В это же лето первый «сексуальный» опыт. Конопатые сестрички, дочери пьяницы-майора. Сдергивают трусики и демонстрируют свои щелки. Я проявляю несвойственную мне в более позднем возрасте моральную устойчивость и убегаю. Искусительницы кривляются вслед.


Первый школьный день. Тбилисская 96-я средняя школа, ее заканчивала моя мама. В эту же школу в 1989-м пойдет моя дочь. Моя первая учительница Дина Абрамовна Каплан сейчас живет в Израиле.


Телеграмма о смерти прабабушки Кати. Произносятся страшные слова «заворот кишок». Я представляю, как кишки завязываются в животе узлом и перетягиваются как шнурки. Это и вправду жутковато.

Сохранилась фотография: я, полуторагодовалый, с шикарными кудрями, на руках у прабабушки, рядом сидит прадедушка Ваня, стоят мама, папа, бабушка Валя.

Спустя год умер прадедушка Ваня. Воспаление легких. Четыре его старшие сестры пошли крепостью здоровья в своего отца и моего прапрадедушку Алексоса № 8, попа-расстригу. Тетя Пава и тетя Паша, девяноста четырех и девяноста шести лег, ездили в семьдесят первом году вдвоем автобусом из Мариуполя в Ростов-на-Дону, а это часов шесть-семь тряской дороги, на день рождения к тете Вере, которой исполнилось девяносто восемь. И водочку попивали, а под водочку пели замечательно.

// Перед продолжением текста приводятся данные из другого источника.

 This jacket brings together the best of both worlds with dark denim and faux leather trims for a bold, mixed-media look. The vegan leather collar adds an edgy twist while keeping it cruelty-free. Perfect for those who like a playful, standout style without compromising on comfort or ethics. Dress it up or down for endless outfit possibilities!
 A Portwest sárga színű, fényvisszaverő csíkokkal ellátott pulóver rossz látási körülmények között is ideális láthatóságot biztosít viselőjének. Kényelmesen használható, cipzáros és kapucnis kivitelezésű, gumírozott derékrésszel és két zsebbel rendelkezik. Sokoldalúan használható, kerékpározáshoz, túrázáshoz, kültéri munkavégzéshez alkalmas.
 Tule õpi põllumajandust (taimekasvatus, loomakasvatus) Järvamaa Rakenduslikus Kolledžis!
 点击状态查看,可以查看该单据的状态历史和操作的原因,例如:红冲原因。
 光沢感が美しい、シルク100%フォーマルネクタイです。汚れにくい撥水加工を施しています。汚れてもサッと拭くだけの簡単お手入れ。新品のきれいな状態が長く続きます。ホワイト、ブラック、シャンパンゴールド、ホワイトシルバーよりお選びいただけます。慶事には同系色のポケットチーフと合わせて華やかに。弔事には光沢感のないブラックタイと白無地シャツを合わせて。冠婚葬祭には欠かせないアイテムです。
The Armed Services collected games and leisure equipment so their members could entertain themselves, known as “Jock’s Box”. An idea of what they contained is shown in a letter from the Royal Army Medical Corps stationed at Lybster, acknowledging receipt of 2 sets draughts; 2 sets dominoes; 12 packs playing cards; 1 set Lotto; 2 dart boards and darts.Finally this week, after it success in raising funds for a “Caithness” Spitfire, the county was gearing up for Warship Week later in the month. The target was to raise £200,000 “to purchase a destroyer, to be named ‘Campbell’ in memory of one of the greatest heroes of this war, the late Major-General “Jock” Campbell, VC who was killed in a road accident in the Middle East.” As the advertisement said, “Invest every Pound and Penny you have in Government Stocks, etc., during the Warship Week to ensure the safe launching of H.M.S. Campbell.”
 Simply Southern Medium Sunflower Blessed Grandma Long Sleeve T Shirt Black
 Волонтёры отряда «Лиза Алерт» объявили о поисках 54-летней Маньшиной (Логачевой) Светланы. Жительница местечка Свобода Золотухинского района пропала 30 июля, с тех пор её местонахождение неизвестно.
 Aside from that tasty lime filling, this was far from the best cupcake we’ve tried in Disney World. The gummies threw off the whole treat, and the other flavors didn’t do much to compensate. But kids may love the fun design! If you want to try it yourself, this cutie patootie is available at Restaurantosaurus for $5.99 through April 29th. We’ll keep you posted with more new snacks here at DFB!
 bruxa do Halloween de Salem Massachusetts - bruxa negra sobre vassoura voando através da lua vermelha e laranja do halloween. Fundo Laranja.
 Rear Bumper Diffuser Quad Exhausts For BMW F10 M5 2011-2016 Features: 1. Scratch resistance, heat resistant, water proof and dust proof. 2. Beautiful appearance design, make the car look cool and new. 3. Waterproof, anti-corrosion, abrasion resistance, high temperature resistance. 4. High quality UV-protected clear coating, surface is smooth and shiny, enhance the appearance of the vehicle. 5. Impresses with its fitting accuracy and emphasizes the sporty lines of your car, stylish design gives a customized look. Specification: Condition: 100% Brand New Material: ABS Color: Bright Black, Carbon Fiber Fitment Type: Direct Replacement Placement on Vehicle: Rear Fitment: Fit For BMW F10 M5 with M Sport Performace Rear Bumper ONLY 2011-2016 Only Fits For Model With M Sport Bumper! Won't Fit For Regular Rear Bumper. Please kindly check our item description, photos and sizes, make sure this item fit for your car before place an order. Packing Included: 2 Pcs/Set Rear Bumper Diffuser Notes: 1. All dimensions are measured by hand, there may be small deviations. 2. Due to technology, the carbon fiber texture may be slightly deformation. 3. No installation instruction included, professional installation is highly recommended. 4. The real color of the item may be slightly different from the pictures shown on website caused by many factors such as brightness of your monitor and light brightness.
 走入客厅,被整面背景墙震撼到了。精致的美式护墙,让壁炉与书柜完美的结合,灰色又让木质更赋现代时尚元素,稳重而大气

Составлялся семейный хор: четыре сестры и брат плюс прабабушка Катя и дедушка Владислав Тимофеевич Осадковский, разве что Шаляпина не хватает. Тетями их называет бабушка Веничка, ну и я за ней по привычке.


Новая классная — математичка Екатерина Тимофеевна — меня сразу невзлюбила. Почему, за что, объяснить не могу. Преследовала с садистским упорством. Ощущение беззащитности и страшного унижения. Я мечтал ее отравить.

Подозреваю, что именно Екатерине Тимофеевне я обязан тем, что пошел в гуманитарии. Вспоминаю ее с содроганием до сих пор.


Мы живем на улице Каспской, дом пять, на третьем этаже. Улица упирается в железную дорогу, за которой старое Петропавловское кладбище. Дворовые мальчишки устраивают туда вылазки, и однажды натыкаюсь на чугунный крест с расколотой каменной плитой у подножия. Смутно помню надпись, что-то вроде: «Осадковская Полина Мироновна, урожденная Герасимова, явилась на свет декабря 25 дня года 1827-го в Тифлисе, умерла апреля 22 дня года 1870-го здесь же. Осадковский Владимир Владимирович, родился января 14 дня года 1798-го в Ковно, умер сентября 17 дня года 1871-го в Тифлисе». Дома об этой могиле не знали. А я ничего никому не сказал, потому что не мог признаться в посещении кладбища, о котором ходили упорные слухи, что там сектанты похищают детей. А потом и сам о ней забыл. Только через много лет, когда в мои руки попадут генеалогические изыскания Григория Владимировича Осадковского, я пойму, что это мои прапрапрадед и прапрапрабабка.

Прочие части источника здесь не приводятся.